• **SUPPLIED ENTRIES**:
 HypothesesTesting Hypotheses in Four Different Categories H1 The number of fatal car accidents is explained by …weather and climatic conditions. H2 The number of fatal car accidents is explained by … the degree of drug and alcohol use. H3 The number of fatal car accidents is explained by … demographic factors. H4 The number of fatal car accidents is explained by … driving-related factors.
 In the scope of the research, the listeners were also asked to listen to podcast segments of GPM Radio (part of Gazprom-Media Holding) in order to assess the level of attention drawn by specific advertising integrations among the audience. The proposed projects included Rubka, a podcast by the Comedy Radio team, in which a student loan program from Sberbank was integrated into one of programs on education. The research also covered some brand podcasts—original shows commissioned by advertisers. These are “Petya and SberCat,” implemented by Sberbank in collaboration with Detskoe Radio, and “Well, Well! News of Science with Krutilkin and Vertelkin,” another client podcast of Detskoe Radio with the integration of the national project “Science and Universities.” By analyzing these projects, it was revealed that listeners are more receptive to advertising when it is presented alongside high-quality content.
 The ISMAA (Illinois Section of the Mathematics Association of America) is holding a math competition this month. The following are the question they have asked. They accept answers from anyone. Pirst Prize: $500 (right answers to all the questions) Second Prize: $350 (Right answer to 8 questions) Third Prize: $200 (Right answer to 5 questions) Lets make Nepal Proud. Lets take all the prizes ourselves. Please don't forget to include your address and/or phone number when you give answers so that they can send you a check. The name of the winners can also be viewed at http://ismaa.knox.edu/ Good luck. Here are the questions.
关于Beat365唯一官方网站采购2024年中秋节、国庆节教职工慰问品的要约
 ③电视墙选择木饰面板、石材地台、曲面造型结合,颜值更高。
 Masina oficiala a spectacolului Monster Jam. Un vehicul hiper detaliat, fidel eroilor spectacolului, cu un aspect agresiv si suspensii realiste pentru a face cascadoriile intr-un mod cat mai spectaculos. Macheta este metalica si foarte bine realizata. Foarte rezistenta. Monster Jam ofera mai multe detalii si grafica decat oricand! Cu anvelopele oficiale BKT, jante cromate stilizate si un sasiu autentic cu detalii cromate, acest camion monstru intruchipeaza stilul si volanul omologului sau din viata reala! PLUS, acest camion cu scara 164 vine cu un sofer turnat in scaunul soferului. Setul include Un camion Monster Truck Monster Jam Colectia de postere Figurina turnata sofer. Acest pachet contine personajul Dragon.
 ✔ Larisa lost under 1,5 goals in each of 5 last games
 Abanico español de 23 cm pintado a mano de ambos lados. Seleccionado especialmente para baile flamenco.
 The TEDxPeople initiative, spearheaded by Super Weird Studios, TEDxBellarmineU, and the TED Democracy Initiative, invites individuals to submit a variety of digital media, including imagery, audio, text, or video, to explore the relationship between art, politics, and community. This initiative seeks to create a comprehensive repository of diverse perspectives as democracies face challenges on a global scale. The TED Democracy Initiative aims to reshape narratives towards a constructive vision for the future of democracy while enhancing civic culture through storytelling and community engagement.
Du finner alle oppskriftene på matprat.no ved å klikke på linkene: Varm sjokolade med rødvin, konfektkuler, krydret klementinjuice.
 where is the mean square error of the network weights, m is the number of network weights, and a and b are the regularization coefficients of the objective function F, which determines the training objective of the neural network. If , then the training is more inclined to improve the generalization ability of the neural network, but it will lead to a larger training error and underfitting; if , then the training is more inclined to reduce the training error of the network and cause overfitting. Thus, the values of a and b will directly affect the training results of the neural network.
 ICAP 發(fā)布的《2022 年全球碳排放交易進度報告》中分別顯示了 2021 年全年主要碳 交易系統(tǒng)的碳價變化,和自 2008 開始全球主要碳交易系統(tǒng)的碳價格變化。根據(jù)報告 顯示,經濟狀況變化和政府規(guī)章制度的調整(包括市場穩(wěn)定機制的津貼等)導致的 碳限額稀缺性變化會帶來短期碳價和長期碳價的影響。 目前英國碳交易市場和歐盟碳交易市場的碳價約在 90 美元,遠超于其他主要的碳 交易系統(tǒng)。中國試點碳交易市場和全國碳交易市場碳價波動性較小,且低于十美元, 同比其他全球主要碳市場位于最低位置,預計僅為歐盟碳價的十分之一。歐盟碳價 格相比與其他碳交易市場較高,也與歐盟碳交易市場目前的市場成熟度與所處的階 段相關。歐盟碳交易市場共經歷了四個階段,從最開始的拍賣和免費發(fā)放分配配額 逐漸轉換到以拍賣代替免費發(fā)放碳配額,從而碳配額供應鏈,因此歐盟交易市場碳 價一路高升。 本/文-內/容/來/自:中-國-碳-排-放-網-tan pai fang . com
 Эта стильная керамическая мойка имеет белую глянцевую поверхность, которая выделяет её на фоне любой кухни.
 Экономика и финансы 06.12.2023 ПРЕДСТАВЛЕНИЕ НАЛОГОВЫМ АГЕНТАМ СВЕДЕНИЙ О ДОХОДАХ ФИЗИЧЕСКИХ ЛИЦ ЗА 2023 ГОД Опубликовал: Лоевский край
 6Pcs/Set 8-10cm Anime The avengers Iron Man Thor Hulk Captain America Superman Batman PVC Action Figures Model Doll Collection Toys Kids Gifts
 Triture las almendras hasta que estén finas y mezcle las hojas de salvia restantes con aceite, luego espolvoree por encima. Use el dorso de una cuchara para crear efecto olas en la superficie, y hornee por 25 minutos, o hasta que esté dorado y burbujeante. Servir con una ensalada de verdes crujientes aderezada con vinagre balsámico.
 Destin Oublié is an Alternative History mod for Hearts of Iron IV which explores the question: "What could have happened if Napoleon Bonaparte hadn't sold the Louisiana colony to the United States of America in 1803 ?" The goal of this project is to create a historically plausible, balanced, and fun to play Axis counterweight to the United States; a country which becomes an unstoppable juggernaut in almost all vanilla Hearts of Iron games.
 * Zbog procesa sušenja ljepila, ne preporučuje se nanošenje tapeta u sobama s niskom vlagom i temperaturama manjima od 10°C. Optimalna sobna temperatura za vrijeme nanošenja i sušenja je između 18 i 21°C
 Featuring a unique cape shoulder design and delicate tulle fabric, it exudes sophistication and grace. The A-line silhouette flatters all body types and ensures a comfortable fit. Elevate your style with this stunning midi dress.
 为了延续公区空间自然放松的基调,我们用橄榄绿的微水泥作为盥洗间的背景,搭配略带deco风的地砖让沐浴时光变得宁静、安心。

• **WHAT TO PRODUCE**:
Across the listing above, count the lines that contain the string "para" and report the figure alone.

• **OUTPUT OF THE TASK**:
2